Христианские церкви возникали на месте прежних святилищ, ибо благоговейная тяга новообращенных к «святым местам» своих предков была неистребима. По свидетельству Повести временных лет, Владимир «повеле рубити церкви и поставляти по местом, идеже стояху кумиры. И постави церковь святого Василия на холме, идеже стояще Перун и прочий, идеже творяху потребы [жертвоприношения] князь и людье».
Вступая в конкурентную борьбу с языческим прошлым, Церковь старалась затмить языческий культ великолепием своих храмов и торжественной пышностью христианской литургии[121]
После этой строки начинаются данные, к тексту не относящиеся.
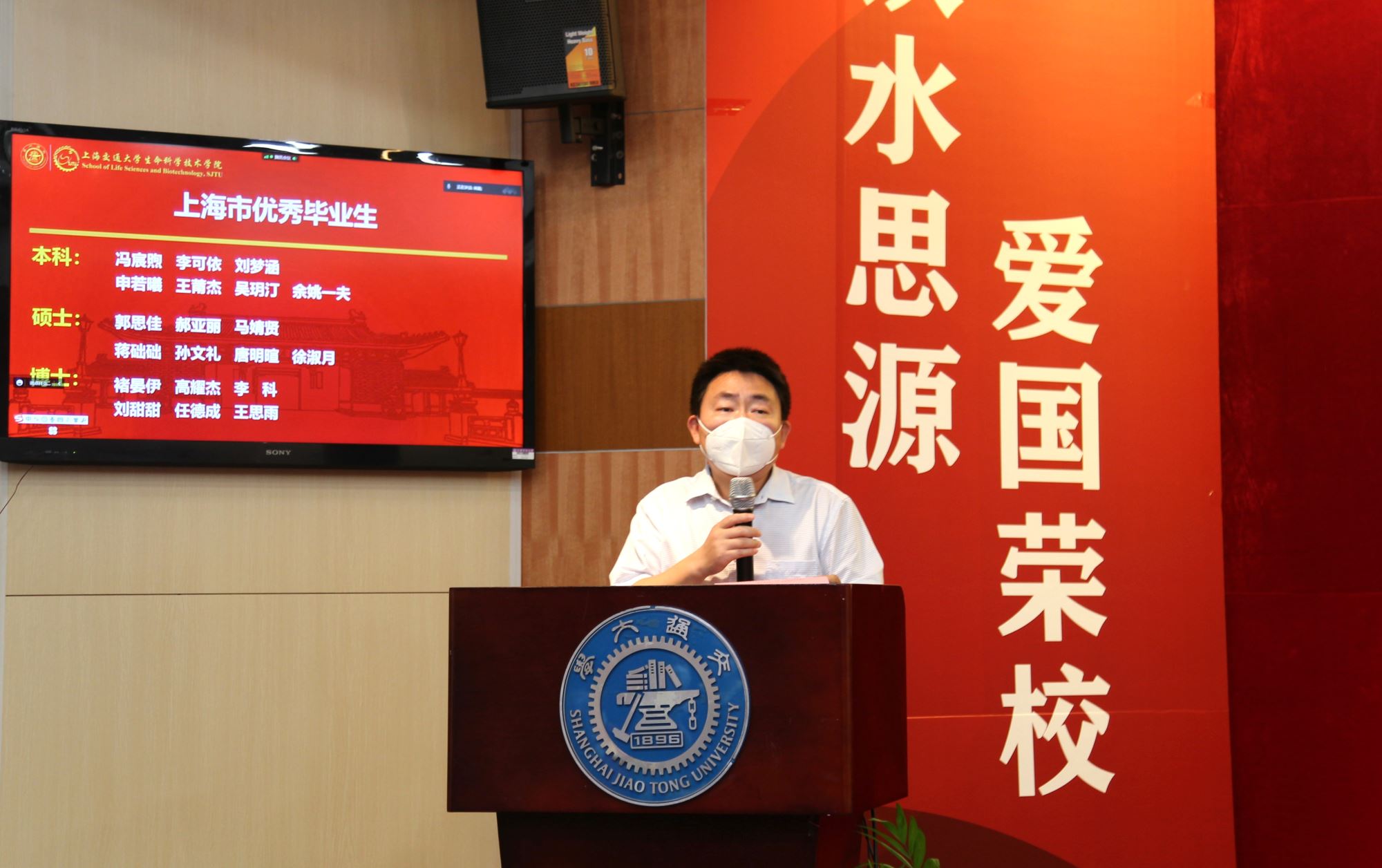 随后,导师代表为本、硕、博毕业生颁发学位证书。李文纯宣读优秀毕业生表彰名单,对上海市优秀毕业生获得者、上海交通大学优秀毕业生获得者、校优博论文提名奖获得者、校优异学士学位论文获得者、学院优秀学士学位论文获得者表示衷心的祝贺,向赴中西部地区、基层单位就业的生科学子表示衷心的感谢。
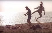 В этот самый момент сидевший посередине парень со словами «Опа-опа, да ты знаешь, кто я такой?» встаёт и тычет «корочкой» в лицо «возмутителю спокойствия». Но борец с мусором оказался не промах: один удар ноги – и ксива летит в сторону, как и смартфон, по которому молодец хотел позвонить каким-то «людям». Такая же участь ждёт и другого любителя бросать мусор где попало. А вот их товарищу бравировать нечем. «Корочки нет, телефон на зарядке, отец ушёл от нас», – сообщил парень и вроде как сделал ноги, но потом коварно подкрался к обидчику со спины. Хотел было огреть его гитарой – а получил сам, да ещё и гитары лишился. Главный же герой, спокойно забрав свой мешок, покинул место разборок.
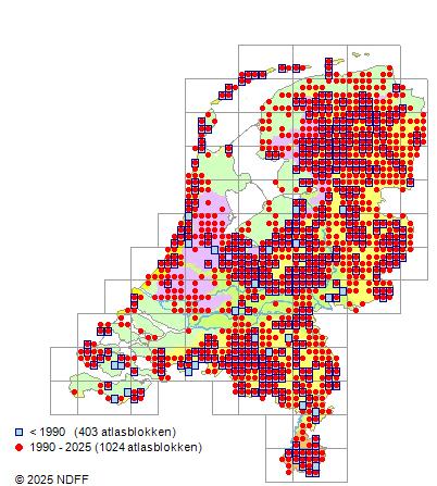 Het aantal atlasblokken (5x5 km) waarin de soort is gemeld binnen een periode van vijf jaar (vanaf 1980) of twintig jaar. Niet gecorrigeerd voor waarnemersinspanning en het aantal doorgegeven waarnemingen kan sterk variëren per periode, dus een trend in verspreiding kan hier niet direct uit worden afgelezen. Het opgegeven jaartal is het eerste jaar van de periode. Bron: gevalideerde waarnemingen uit de NDFF.
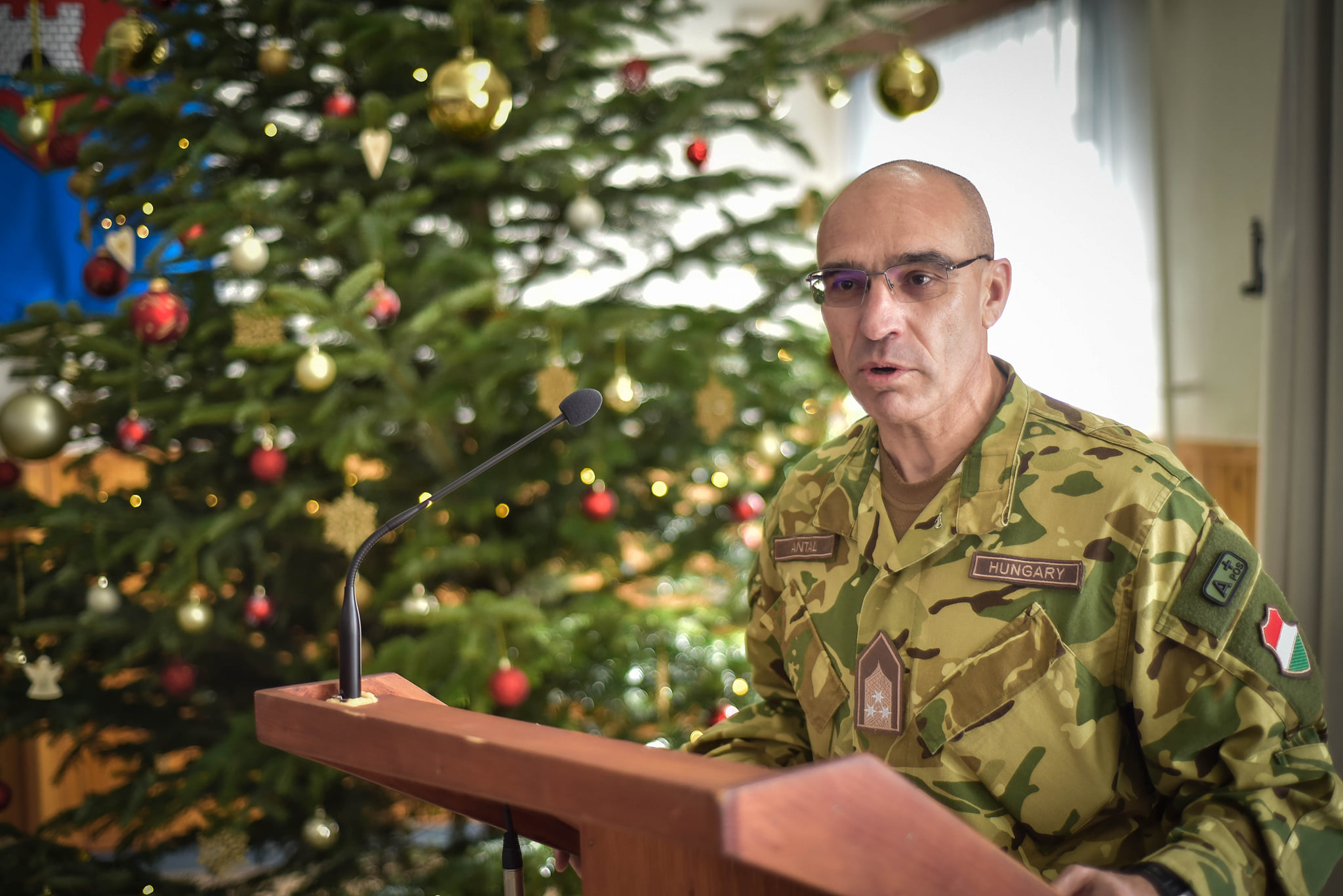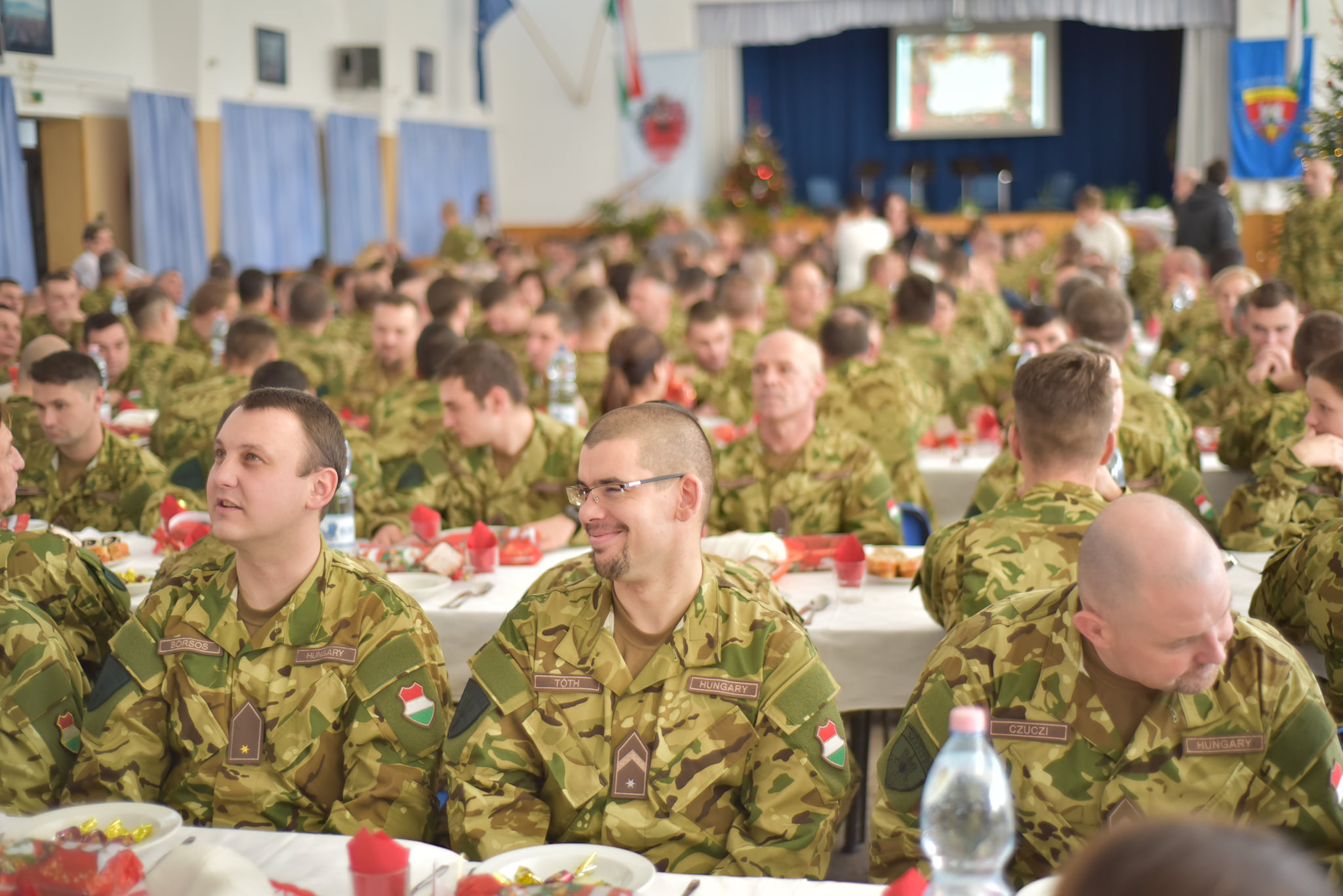 Antal László ezredes, alakulatparancsnok üdvözölte a jelen lévőket, majd megköszönte az alakulatnál dolgozók 2019. évben végzett munkáját, és kérte, hogy mindenki kapcsolódjon ki, lassuljon le, hogy a következő évet kipihenten és lendületesen kezdhesse meg. Ezt követően Fehér Csaba református tábori lelkész ünnepi gondolatait osztotta meg az állománnyal, melynek végén mindenkinek áldott kegyeletteljes ünnepeket kívánt. A folytatásban az év utolsó hónapjában kerek születésnapjukat ünneplőket köszöntötte az ezredparancsnok, majd az MH 5. Bocskai István Lövészdandár Hódmezővásárhelyi Katonazenekar szaxofonos quartettjének ünnepi műsora következett. A rendezvény vidám beszélgetések közepette elfogyasztott ünnepi ebéddel zárult.

. Никогда еще красота не обладала такой силой аргументации, как в эпоху Средневековья; она спасала мир в буквальном смысле слова. Вот почему мотивы эстетического превосходства христианства так сильны в произведениях древнерусской литературы. «Не вемы, на небесех ли есмы были, или на земли, — говорят в летописи Владимировы послы, побывавшие на богослужении в Царьграде, — несть бо на земли таковаго вида, или красоты такия, недоумеем бо сказати… Мы убо не можем забыти тоя красоты». Митрополит Иларион ставит Владимиру в особую заслугу то, что он «…весь клирос украсиша и в лепоте одеша святые церкви», чем неизмеримо увеличил притягательность новой религии: «мужи и жены, и малые и велиции — все людие исполнише [наполнили] святые церкви». Дни освящения храмов отмечались всенародными торжествами — с пирами, раздачей милостыни и проч.Христианское храмоздательство преобразовывало весь образный строй городского пространства. В глазах новообращенного христианина город и храм составляли некое единство, сакральную территорию, отмежеванную мощными укреплениями от хаоса языческих лесов и степей. Замкнутое пространство города, с храмом как его средоточием, с княжеским замком — местопребыванием светских и церковных властей, становилось отныне обителью верных, огражденной от внешней тьмы, земным воплощением Дома Премудрости Божией{131}
.Вместе с Владимиром храмовым строительством занималась и его византийская жена, царевна Анна. По сведениям Яхьи, «она построила многие церкви в стране русов». Вероятно, под ее покровительством были основаны также первые монастырские обители: «Монастыреве на горах сташа, черноризьци явишася» («Слово о законе и благодати» митрополита Илариона).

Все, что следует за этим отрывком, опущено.